--- PROBLEM DETAILS ---
Exclude images, then output the remaining data verbatim.

Segment Start: INFORMATION SHOWN

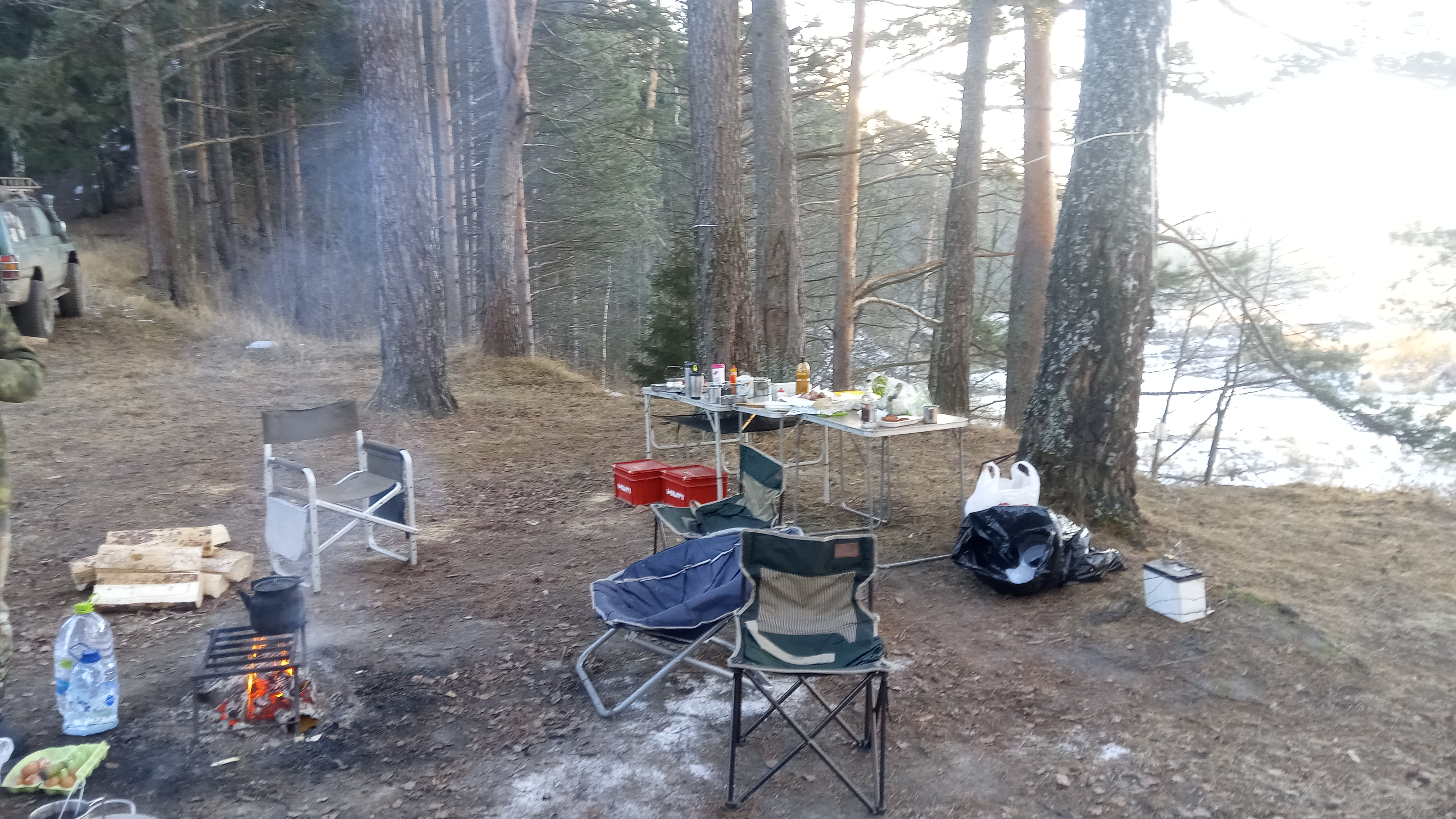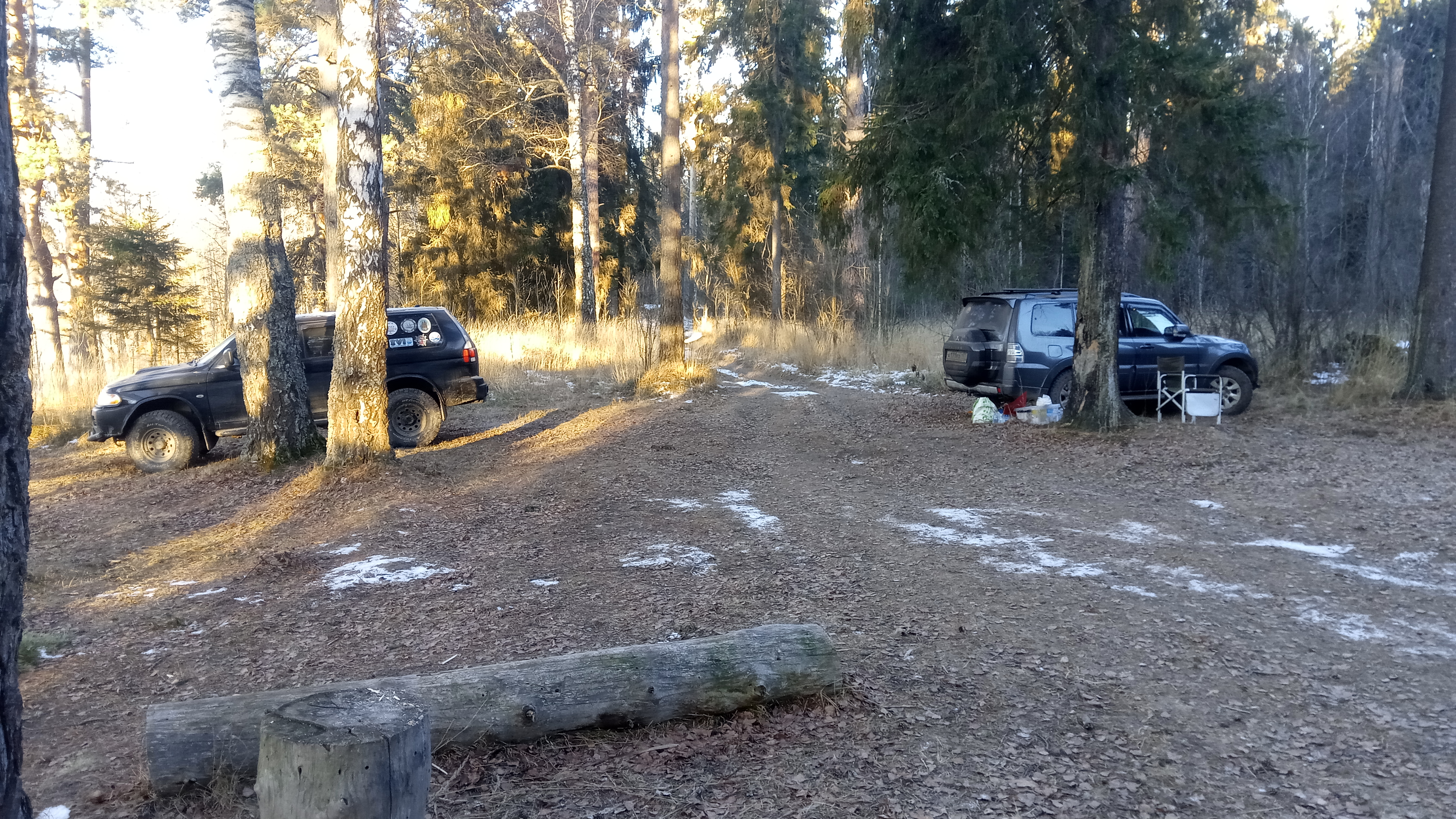 И насколько помню, от асфальта до точки 1-го лагеря тоже очень прилично по лесу ехать, так?
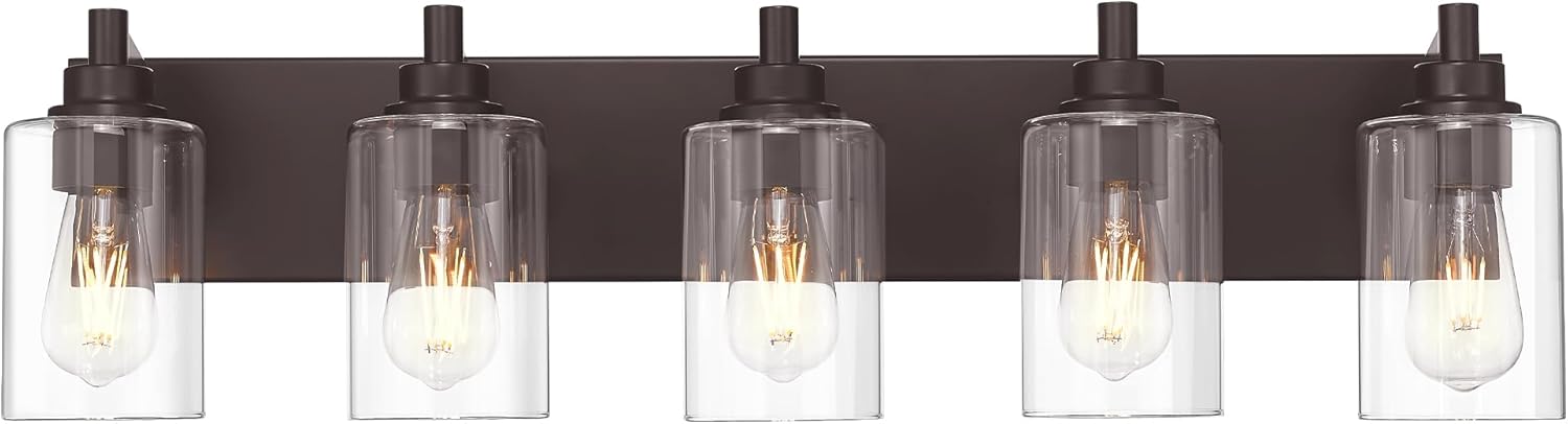 • Inspired Design: The 5-light bathroom light fixtures over mirror features a oil rubbed bronze long base metal frame and elegant cylinder clear glass shades, seamlessly fitting modern minimalist decor. You can install it upwards or downwards for versatile style
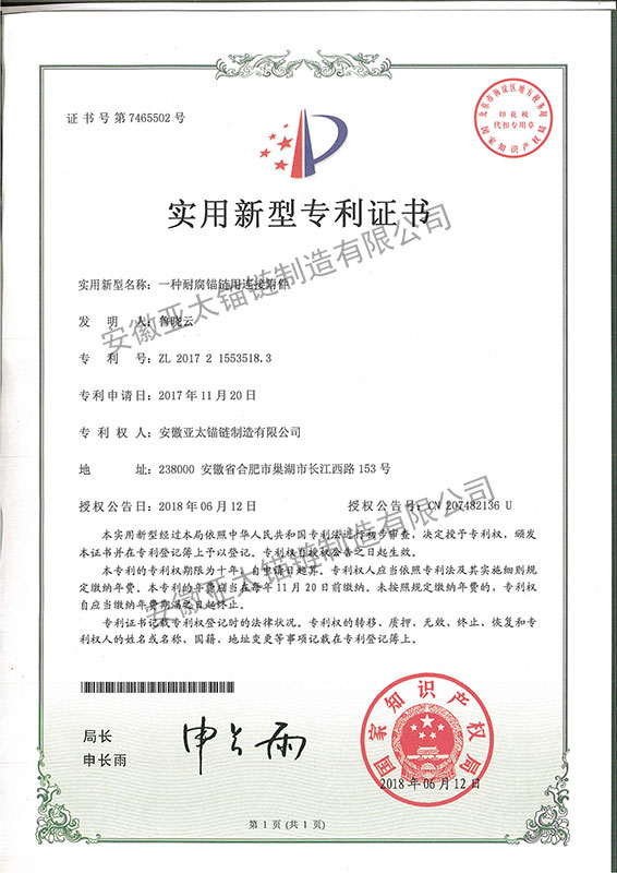 安徽亞太錨鏈制造有限公司是國家高新技術(shù)企業(yè),也是國家GB/T 549-2017《電焊錨鏈》標準的起草和制定單位之一。公司旗下設(shè)有錨鏈分廠、浮標分廠、舾裝件分廠等多個分廠。公司專業(yè)從事φ12.5mm-φ107mm二、三級船用錨鏈、浮標錨鏈、錨鏈附件,錨、船舶曬裝產(chǎn)品、航標、系船浮、船型標、多種規(guī)格海洋監(jiān)測浮標及航標燈等產(chǎn)品的生產(chǎn)、安裝和服務(wù)。目前公司的產(chǎn)品銷往全國各地船廠、碼頭、航標處、航道局、海洋局,并已走上國際市場,如東南亞、中東、歐美等國家。

Segment End: INFORMATION SHOWN

--- COMPLETED EXERCISE ---
 И насколько помню, от асфальта до точки 1-го лагеря тоже очень прилично по лесу ехать, так?
 • Inspired Design: The 5-light bathroom light fixtures over mirror features a oil rubbed bronze long base metal frame and elegant cylinder clear glass shades, seamlessly fitting modern minimalist decor. You can install it upwards or downwards for versatile style
 安徽亞太錨鏈制造有限公司是國家高新技術(shù)企業(yè),也是國家GB/T 549-2017《電焊錨鏈》標準的起草和制定單位之一。公司旗下設(shè)有錨鏈分廠、浮標分廠、舾裝件分廠等多個分廠。公司專業(yè)從事φ12.5mm-φ107mm二、三級船用錨鏈、浮標錨鏈、錨鏈附件,錨、船舶曬裝產(chǎn)品、航標、系船浮、船型標、多種規(guī)格海洋監(jiān)測浮標及航標燈等產(chǎn)品的生產(chǎn)、安裝和服務(wù)。目前公司的產(chǎn)品銷往全國各地船廠、碼頭、航標處、航道局、海洋局,并已走上國際市場,如東南亞、中東、歐美等國家。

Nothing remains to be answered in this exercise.